In one scene of a racing game, even if you are close to the course, there will be a slight misalignment due to differences in the lines that pass through each play. I think the point of this time is to be able to absorb such differences and search for similar images.

2. Implementation code

This time, we will implement the above process in Python.

2-1. Extracting frame images from play videos

I used OpenCV this time to extract the images of all frames from the play video file (mp4 file). I refer to the following page.

Cut out a frame from a video file with Python, OpenCV and save it

The frame image is saved with the file name "(frame number) .png ".

`01_extract_frames.py`


import cv2
import sys

def extract_frame(video_file, save_dir):
    capture = cv2.VideoCapture(video_file)

    frame_no = 0

    while True:
        retval, frame = capture.read()

        if retval:
            cv2.imwrite(r'{}\{:06d}.png'.format(save_dir, frame_no), frame)
            frame_no = frame_no + 1
        else:
            break

if __name__ == '__main__':
    video_file = sys.argv[1]
    save_dir = sys.argv[2]

    extract_frame(video_file, save_dir)

This script is also used in ③.

2-2. Linking dHash calculation and location information

Of the extracted frame images, the hash value of dHash is calculated using the dhash function of the ImageHash package for the image corresponding to a certain period (a specific lap part).

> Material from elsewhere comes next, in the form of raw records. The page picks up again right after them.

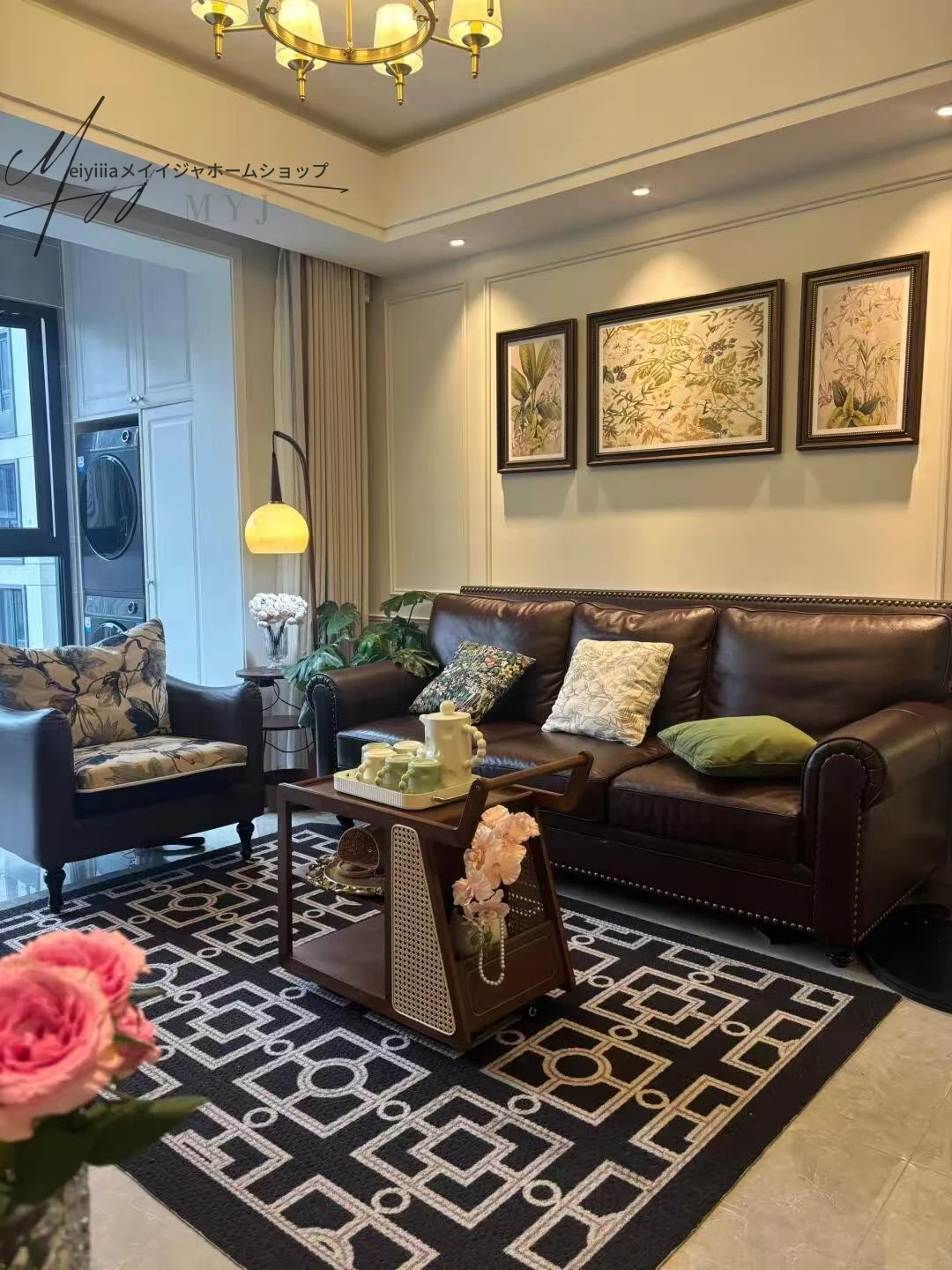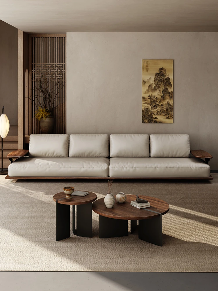 寸禾の宋風美学、ブラックウォールナット無垢材&本革ソファ。小さな空間にもぴったりなモダン新中式デザイン。2025年新作、洗練された客間を演出します。
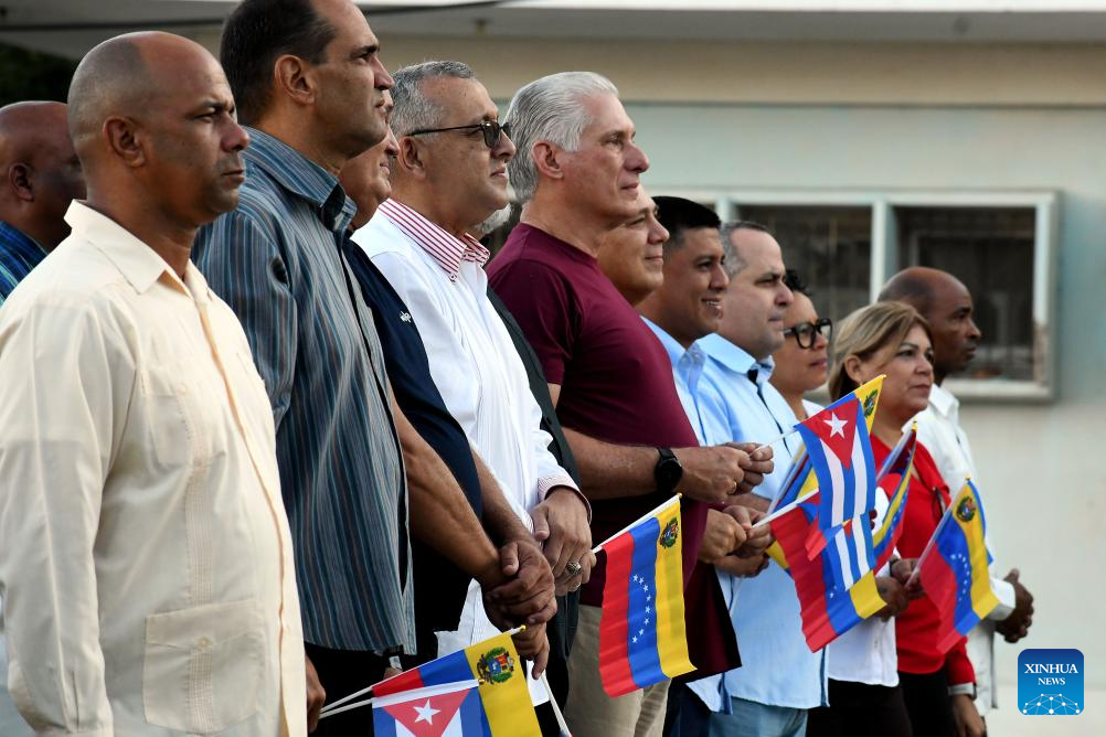 LA HABANA, 17 octubre, 2025 (Xinhua) -- El presidente cubano, Miguel Díaz-Canel (5-i), asiste al acto de apoyo a la causa venezolana y de rechazo a la injerencia de Estados Unidos, en La Habana, capital de Cuba, el 17 de octubre de 2025. Miles de cubanos se dieron cita el viernes en la ciudad de La Habana, para ratificar su solidaridad con el pueblo y el Gobierno de Venezuela, ante la escalada injerencista de Estados Unidos contra la nación sudamericana. (Xinhua/Joaquín Hernández)
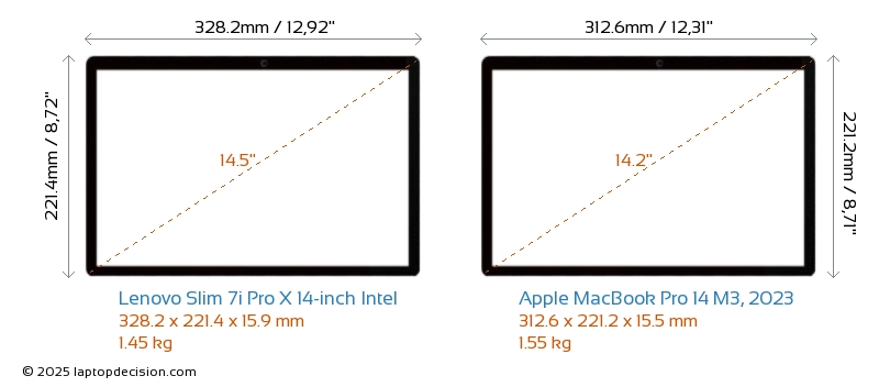 HDMIBoth Slim 7i Pro X 14-inch Intel and MacBook Pro 14 M3, 2023 feature an HDMI port. Slim 7i Pro X 14-inch Intel offers 1x HDMI 2.0, while MacBook Pro 14 M3, 2023 offers 1x HDMI 2.1.
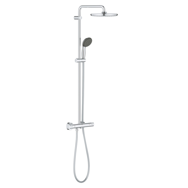 Душова система Grohe QuickFix Vitalio Start 250 26816000 є ідеальним способом оновити вашу ванну кімнату завдяки вибору режимів струменю, більшій душовій площі та всім перевагам зручності та комфорту, які пропонує термостат. Розроблена для встановлення на стіні, ця відкрита душова система включає верхній душ Vitalio Start 250, ручний душ Vitalio Start 100, термостат, душову стійку з поворотним душовим кронштейном 390 мм і ковзний елемент для регулювання ручного душа, а також 1750 мм VitalioFlex Comfort Twistfree шланг.
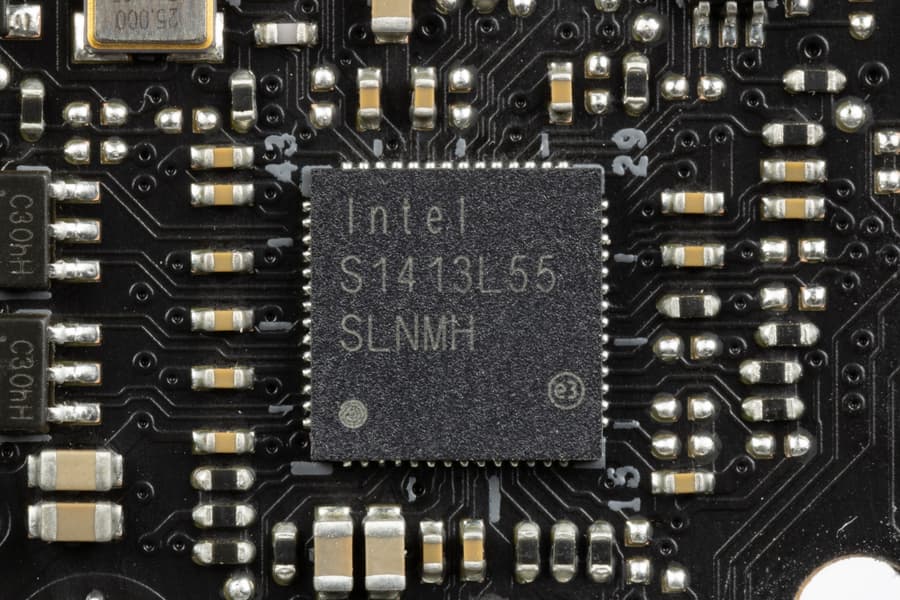 Материнская плата оснащена средствами связи хорошо. Имеется скоростной Ethernet-контроллер Intel I225-V, способный работать по стандарту 2,5 Гбит/с.
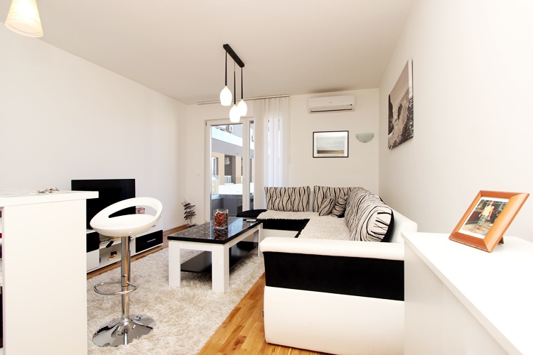 Centralno grijanje. Vanjska PVC stolarija. Unutrašnja drvena stolarija. Parket u dnevnom boravku. Keramičke pločice u predsoblju, kuhinji, kupatilu i na balkonu. Balkon. Blinda ulazna vrata. Klima uređaj. CATV. Internet. Telefon. Interfon.
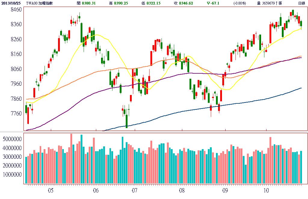 受亞股早盤走弱影響,台股今日開盤直接就以下跌開出,加上電子、金融雙主力紛紛開始走弱,明顯衝擊市場信心,造成盤中跌幅一路擴大,不僅最大跌幅逼近百點,更一度跌破月線支撐,所幸收盤又重新站回。終場加權指數以8346.62點作收,下跌67.10點,跌幅0.80%,市場成交總金額799.09億元。
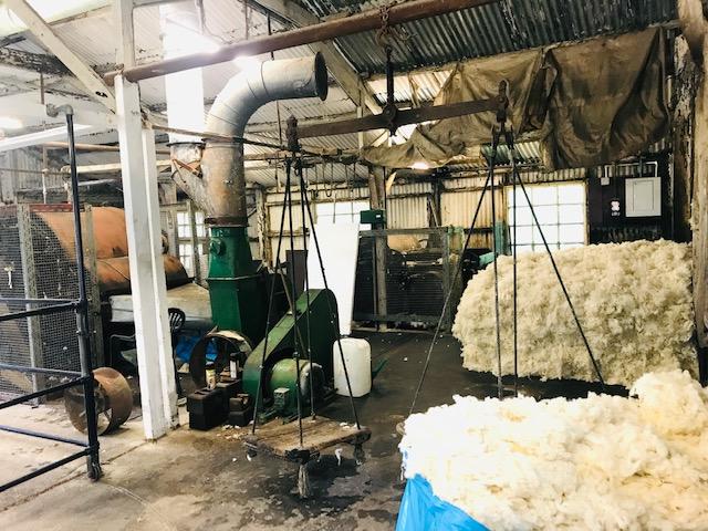 ▲ 羊の原毛からラノリンという油分を除去する作業場
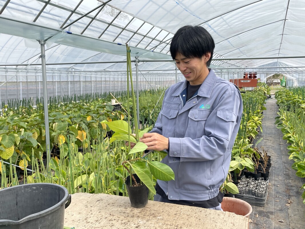 今回は、入社2年目の吉田さんにお話を伺いました。「元々植物が好きで、休みの日も観葉植物のショップを巡る」と話す吉田さん。琴花園入社前は、フラワーショップで花きを販売する仕事に励まれていましたが、生産の仕事をやってみたいと転職。

In addition, it is linked with the telemetry data (extracting only the relevant part in advance) acquired by the following in-game App script and output to the search CSV file.

(ACTelemetry.py)[https://github.com/abe-masanori/AC_analysis/blob/master/data_acq/ACTelemetry.py]

`02_calc_dhash.py`


from PIL import Image, ImageFilter
import imagehash
import csv
import sys

frame_width = 1280
frame_hight = 720
trim_lr = 140
trim_tb = 100

dhash_size = 8

def calc_dhash(frame_dir, frame_no_from, frame_no_to, telemetry_file, output_file):

    #Read telemetry data file
    position_data = [row for row in csv.reader(open(telemetry_file), delimiter = '\t')]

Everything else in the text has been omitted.